航空自衛隊と救難隊のことを知ってほしかった
監督にも脚本家にもそれぞれやりたいことがあると思いますが、私としては「こういう仕事をしている人たちがいるということを知ってほしい」というのが第一ですね。自衛隊については、現在も「日本に必要か」ということで議論の的になっていますし、議論自体はあって然るべきだとは思っていますが、私としては、たとえ自衛隊の存続に反対するにしても、その実態を知ってから議論をしてほしいとずっと思っているんです。そのきっかけになれば、と。
1994年、私は千歳基地を題材にした作品の事前準備のために千歳救難隊にロケハンに行ったのですが、そこから帰った直後、千歳救難隊のUH-60J救難ヘリコプターが遊楽部(ユーラップ)岳に墜落して、乗員5人が全員亡くなるという事故がありました。そしてあるニュースキャスターがこの事故を読み上げるときに「自衛隊は一体何をやっているのか」と吐き捨てるように言ったそうです。

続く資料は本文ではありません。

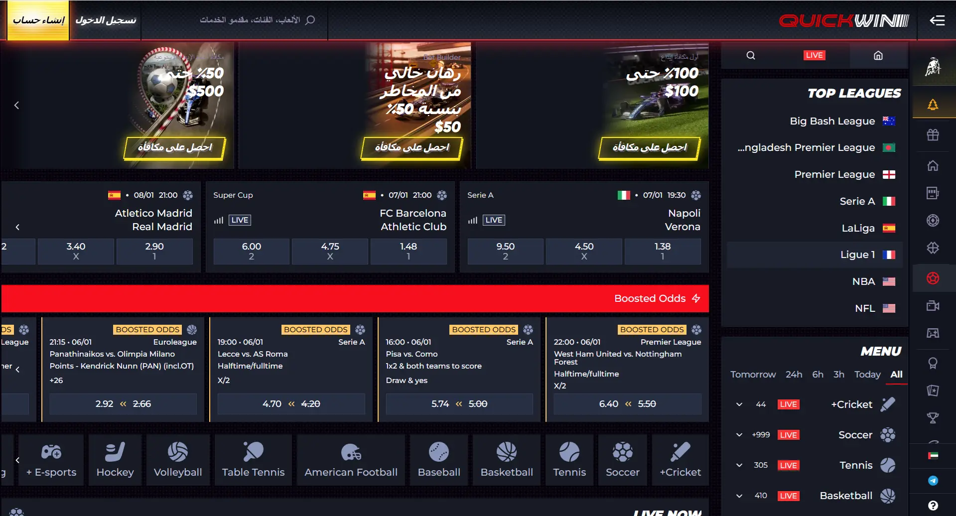 نظرة عامة على المراهنات الرياضية في QuickWin

実はこの時、奥尻島で発生した急患を直ちにヘリで搬送する必要があったにもかかわらず、悪天候のため道の防災ヘリも警察のヘリも消防のヘリも陸自のヘリも飛べなかった。そこで最後に航空自衛隊の救難隊に災害派遣が下令されたのです。
航空自衛隊の救難隊は他の組織に比べて機材や人員の能力が非常に高いため、他の組織では対処できないときに要請がかかる“最後の砦”みたいな部隊です。そして彼らは、自分たちが飛ばないと患者は死ぬしかないことがわかっていたからこそ、危険な天候にもかかわらず飛んだ。それなのに「自衛隊が事故を起こした」というだけで非難され、事実が伝わらないことに私は憤りを感じました。このようなことは阪神淡路大震災の時も含め、枚挙に暇がありません。

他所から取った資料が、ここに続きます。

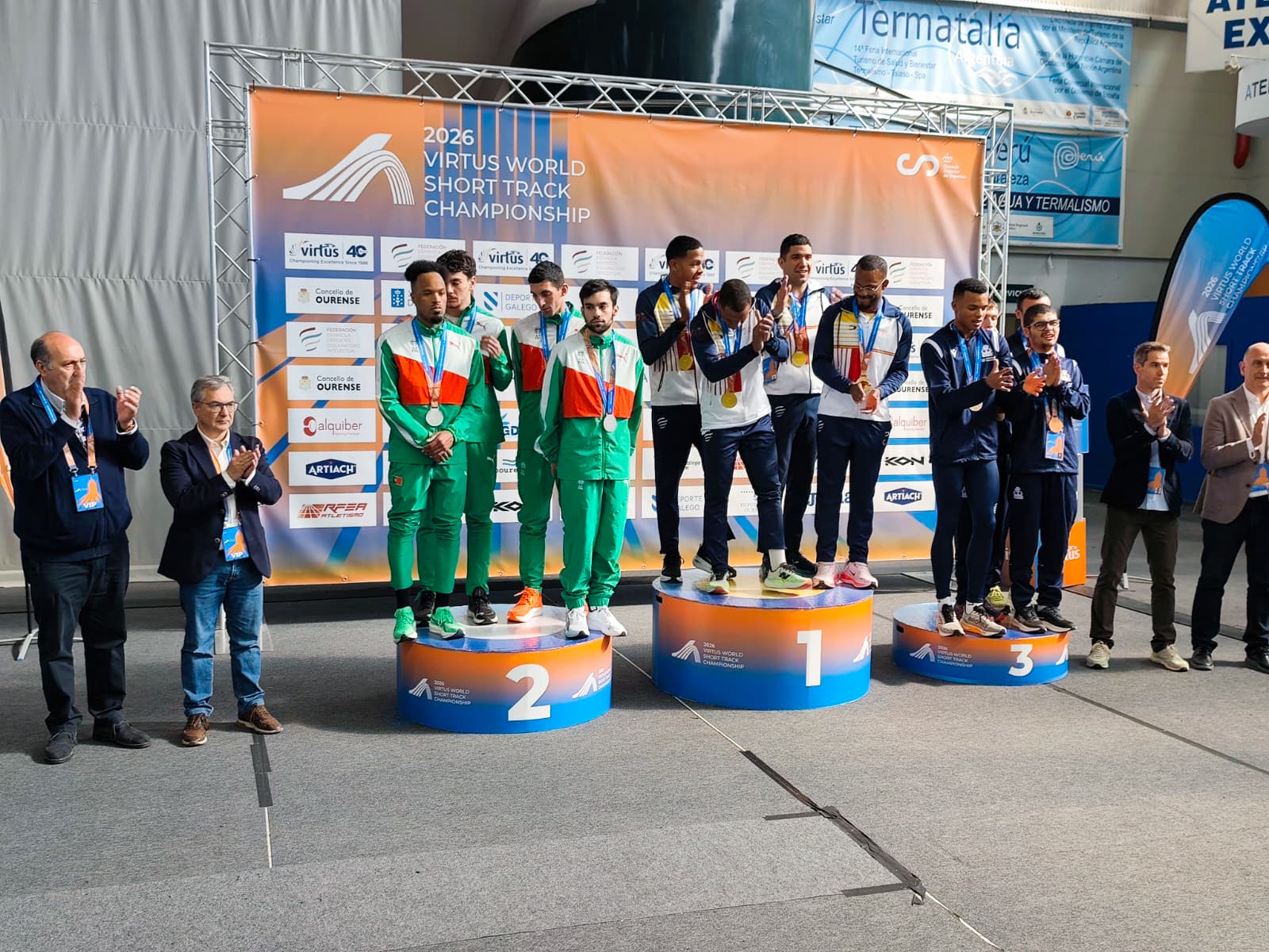 O presidente da Deputación de Ourense, Luis Menor, participou na entrega de medallas do Campionato do Mundo de Atletismo en Pista Corta VIRTUS 2026, celebrado na pista cuberta de Expourense, unha cita internacional que reúne na provincia a deportistas con discapacidade intelectual chegados de diferentes países.

自衛隊のことをよくわかっていない人々からの一方的な非難にも、彼らは反論もせず黙々と自分たちのやるべきことをやっている。これがあまりにストイックすぎるので、どうにかしたいという個人的感情からこのアニメの企画が生まれたところもあります。ですが、やはり人を救う職業は物語になりますし、それと私が惚れた、彼らの人間的な姿を描きたかったというのが一番大きいですね。
魅力的な男たちの生き様が描かれた作品
そうはいっても、隊員がただ人助けをしているだけではストーリーにはなりにくいので、今回主人公をひとり置いて、その成長を描こうとしています。主人公は戦闘機パイロットを志望していたものの、救難隊のヘリパイロットという望んでいなかった職場に回されることになりました。そして彼は「だったら辞める」と言い出す根性もないままその職場に行ってみたのですが、実はその世界はそんな半端な気持ちでは通用しない、自分が仕事に失敗すれば人が死ぬという真剣勝負の世界だった。極限の職場です。
そんな職場の仲間と接し、彼は失敗したり傷ついたりしながら、少しずつ心が成長してゆく。その過程を等身大の人間として描けたら親しみをもってもらえるのではと考えています。

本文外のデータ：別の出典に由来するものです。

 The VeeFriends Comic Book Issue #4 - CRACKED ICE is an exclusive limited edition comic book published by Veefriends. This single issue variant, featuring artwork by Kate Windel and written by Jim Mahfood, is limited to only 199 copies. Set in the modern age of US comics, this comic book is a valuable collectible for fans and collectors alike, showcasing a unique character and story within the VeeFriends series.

目の前にある仕事をきっちりこなさないと次はない、自分と仕事の距離を詰めていかないと、本当に自分のできることは見つからない。そういう“自分と仕事の間のスタンスをどうとっていくか”という普遍的なテーマを受け取ってもらえると嬉しいですね。
最近、生き方に影響を受けたり感銘を受けたりできるようなアニメというものが少なくなっている気がするのですが、このアニメには魅力的な男たちの生き様が描かれているので、きっと何か感じていただけるものがある、面白い作品になると思います。